X = Matrices.solve2r(A,B); X = Matrices.solve2r(A, B, transA=false, isTriangular=false);
This function call returns the solution X of the linear system of equations
X*op(A) = B
with
op(A) = transpose((A)) if transA==true op(A) = (A) if transA==false
If matrix (A) is already lower triangular, the factorization is avoided if input "isTriangular" is set true. If a unique solution X does not exist (since A is singular), an exception is raised.

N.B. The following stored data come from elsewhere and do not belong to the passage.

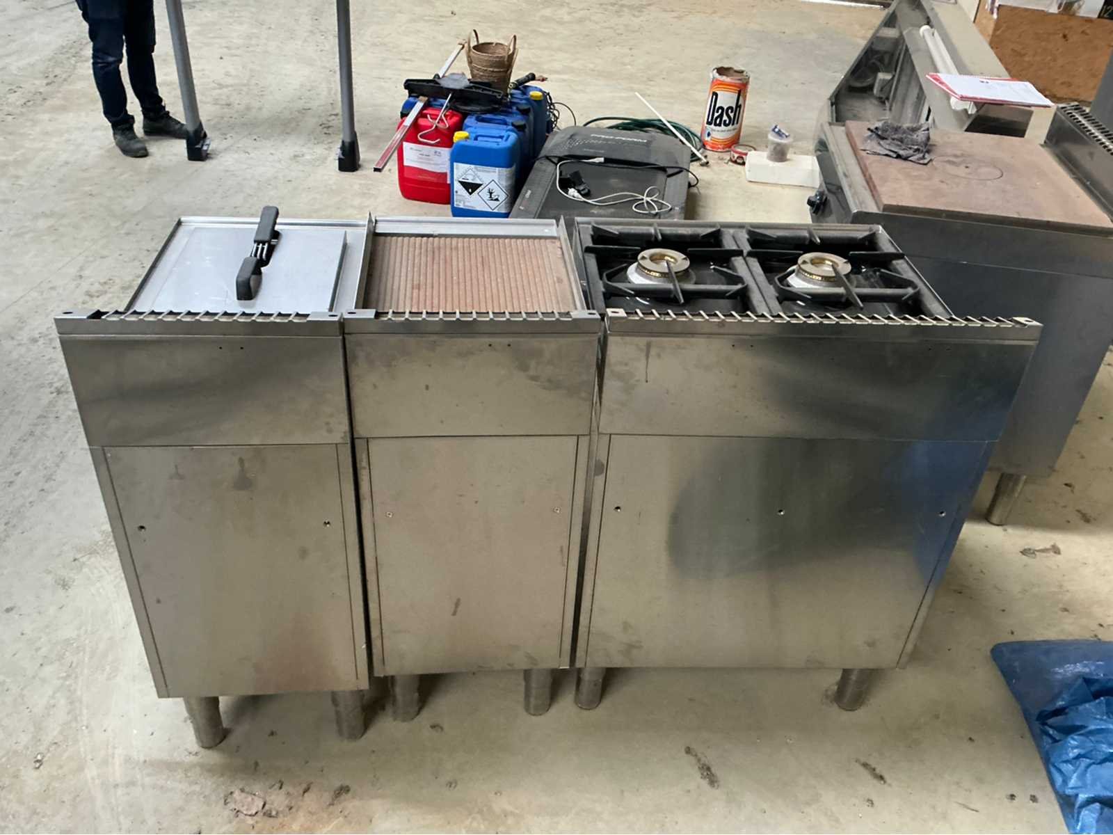 Lot Keuken gereedschap in goede staat. Het lot bevat: 1. Gasfornuis is over. 2. Grillplaat & Bakplaat. 3. Luchtfrituur. Nee Merk: Mastro Type: DAA0077 Bouwjaar: 2014 Kleur: Grijs
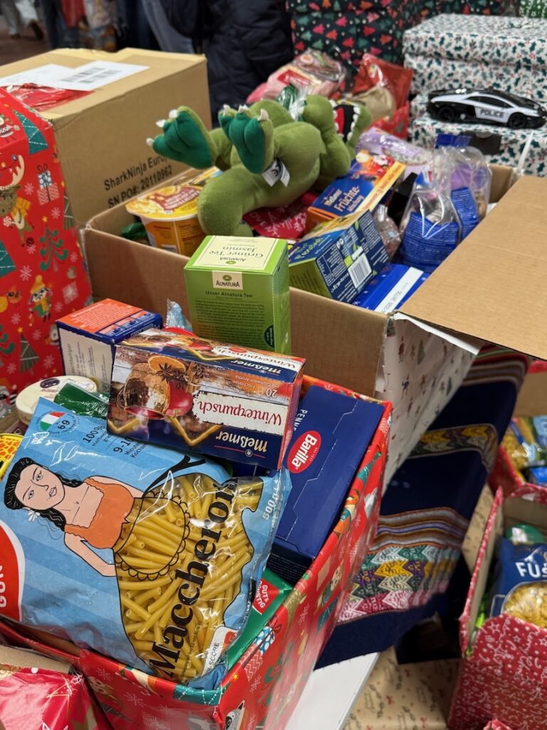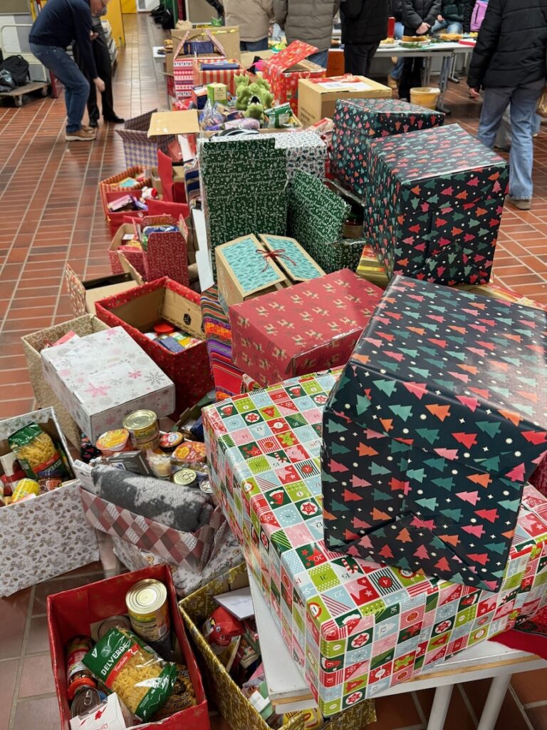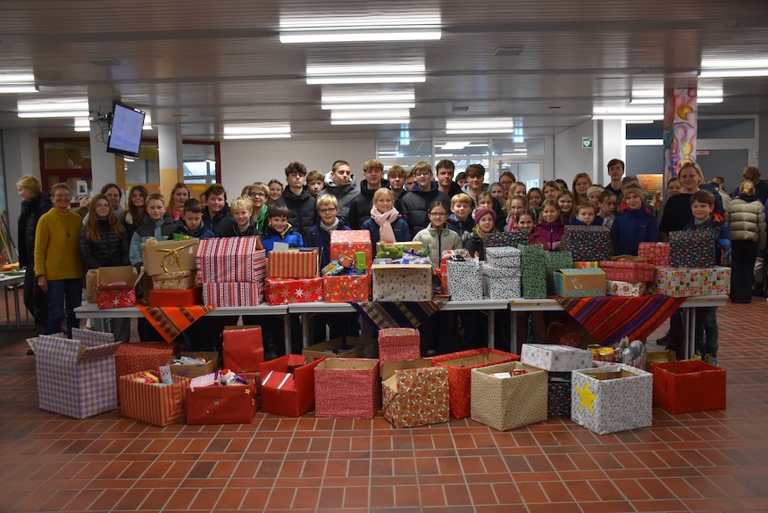 Unsere Schule hat auch dieses Jahr wieder eine tolle Nikolausaktion veranstaltet. Wir durften das erste Mal daran teilnehmen. Jede Klasse und jeder Kurs hat Lebensmittel und Spielzeug, wie z.B. Nudeln, Süßigkeiten, Seife, kleine Spiele, Malbücher und Stifte gesammelt und diese Spenden in einem großen Karton verpackt. Jeder hatte etwas von zu Hause mitgebracht, sodass am Ende jeder Karton vollgepackt war. Die Kartons wurden noch weihnachtlich mit Geschenkpapier, Schleifen und bunten Bändern verpackt. Einige Klassen legten auch selbst geschriebene Briefe in die Kartons. Wir hatten viel Spaß dabei. Als alles fertig war, wurden die Pakete zu verschiedenen Stationen gebracht. Dort werden sie dann weiter verteilt. Mit den Paketen helfen wir bedürftigen Familien, die nicht so viel haben. Wir finden es gut, dass wir anderen Menschen helfen können. Die Nikolausaktion war eine schöne Erfahrung und hat gezeigt, dass man gemeinsam viel Gutes tun kann. (Klasse 5c mit Herrn Düvel & Frau Knäuper)
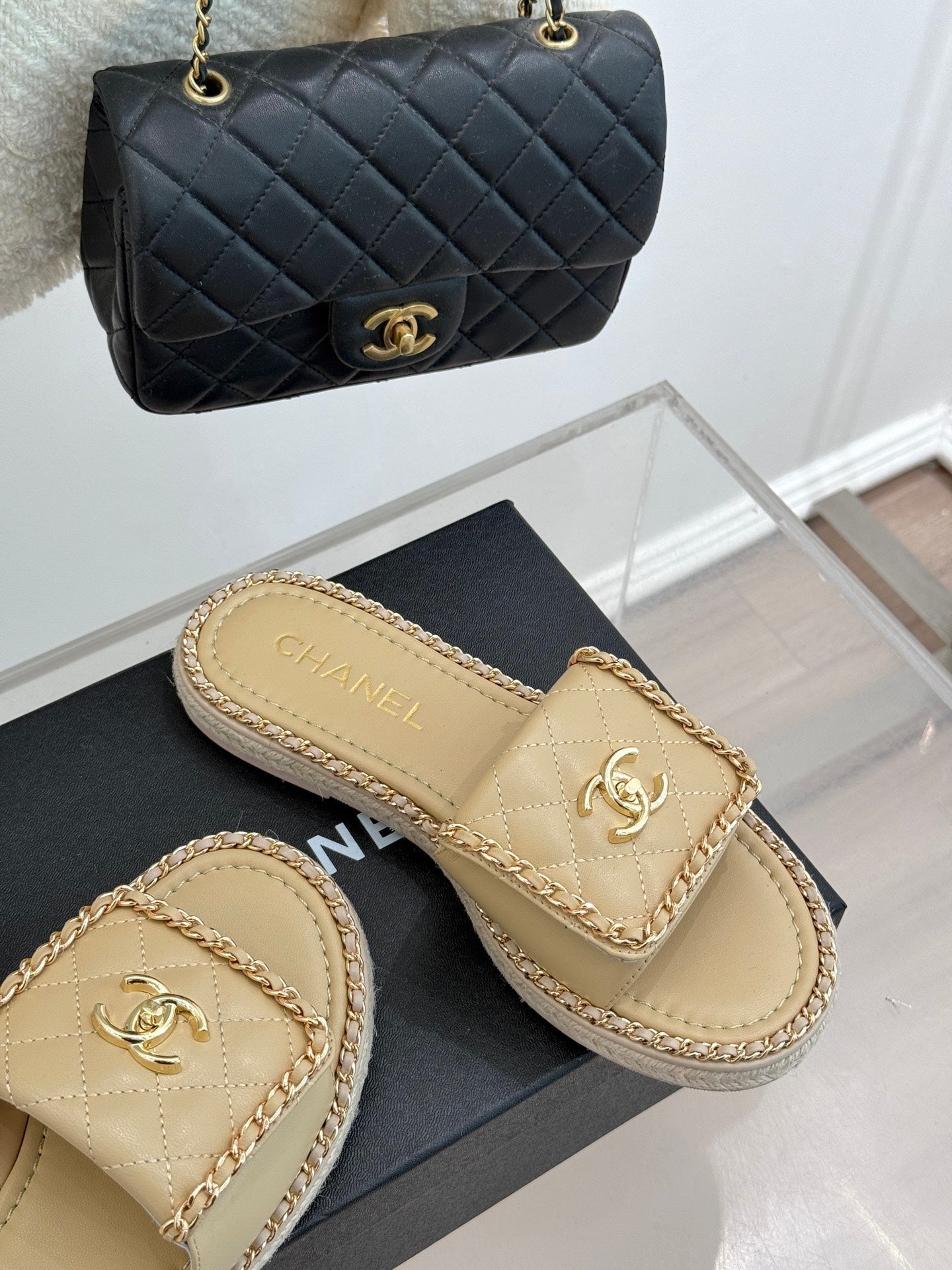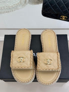 FLAT CHAIN HEART SLIPPER IN BISQUE BEIGE LAMBSKIN
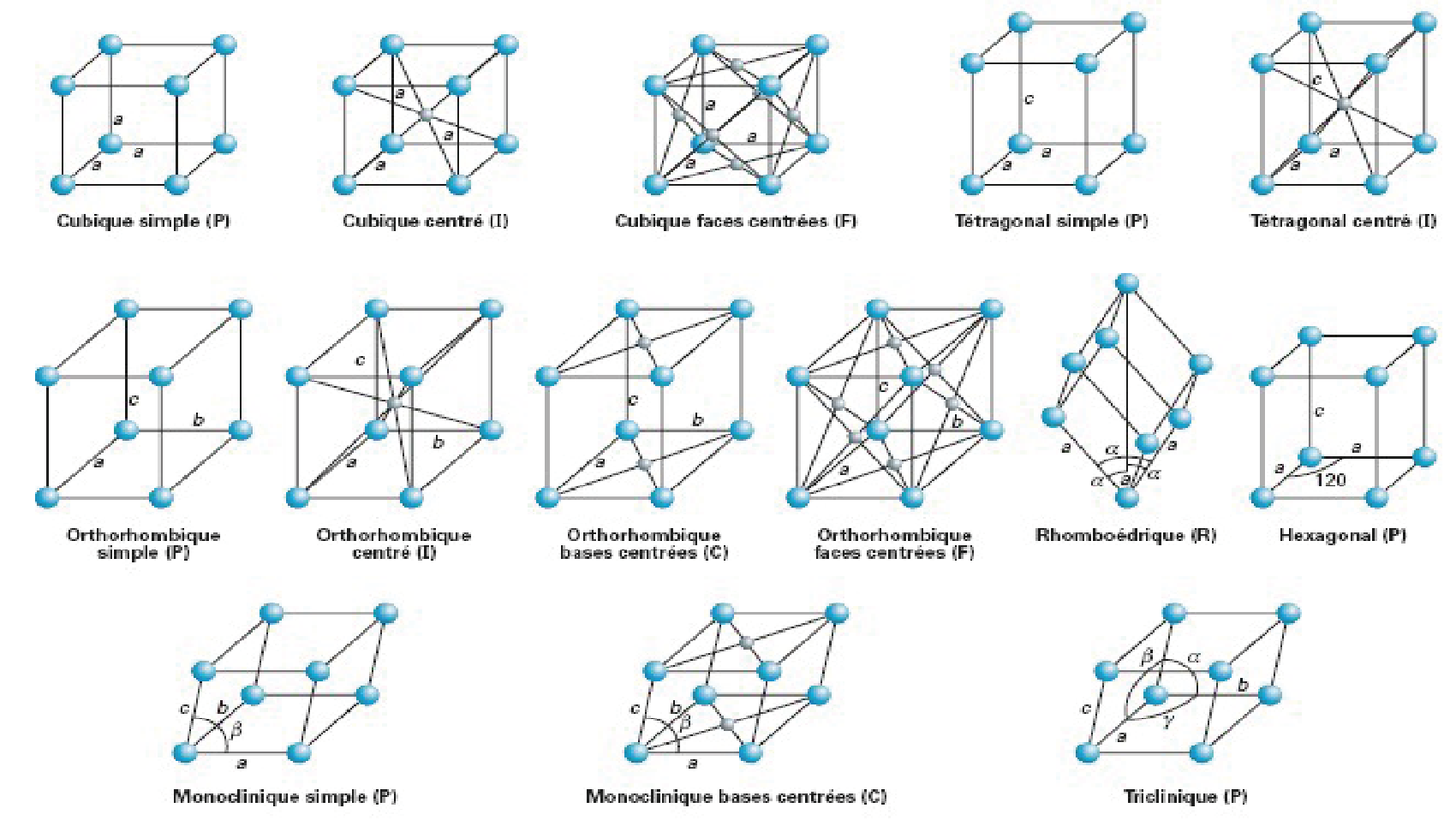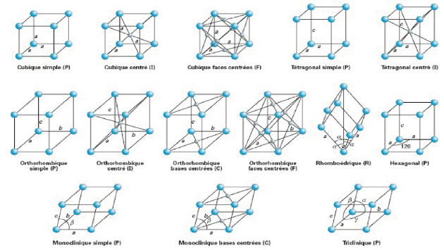 Les cellules primitives sont indiqués par P,R ; les cellules de face centrée par F, les cellule de corps centré par I et les cellules de base centrée par C.
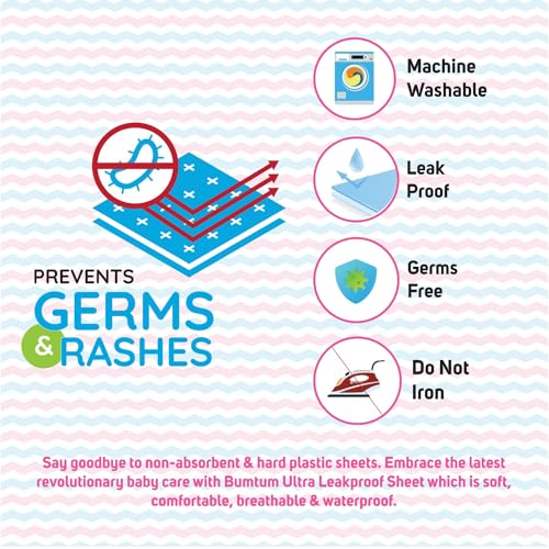 HYGIENIC DRYNESS: It locks all the wetness and dries instantly ensuring hygiene and protection of your baby's soft skin. Bumtum Ultra Leakproof Sheet is perfect for a baby's healthy comfortable & cosy nap.
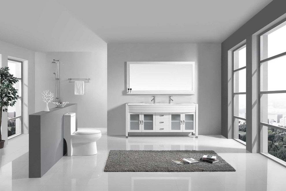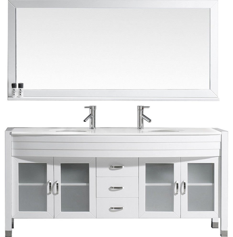 Virtu Ava 71" Double Bathroom Vanity, White With White Top, Faucet and Mirror

The solution is computed with the LAPACK function "dgesv", i.e., by Gaussian elemination with partial pivoting.
Real A[3,3] = [1,2,3;
3,4,5;
2,1,4];
Real B[2,3] = [10, 22, 12;
20, 44, 24];
Real X[2,3];
algorithm
X := Matrices.solve2r(A, B); /* X = [-34.0, 17.2, 2.4;
-68.0, 34.4, 4.8] */
Matrices.LU, Matrices.LU_solve2
function solve2r extends Modelica.Icons.Function; import Modelica; import Modelica_LinearSystems2; import Modelica_LinearSystems2.Math.Matrices.LAPACK; input Real A[:, size(A, 1)] "Matrix A of X*op(A) = B"; input Real B[:, size(A, 1)] "Matrix B of X*op(A) = B"; input Boolean transA = false "True if op(A)=A', false if op(A)=A"; input Boolean isTriangular = false "True if the A is already lower triangular"; output Real X[size(B, 1), size(B, 2)] = B "Matrix X such that X*op(A) = B"; output Integer info; end solve2r;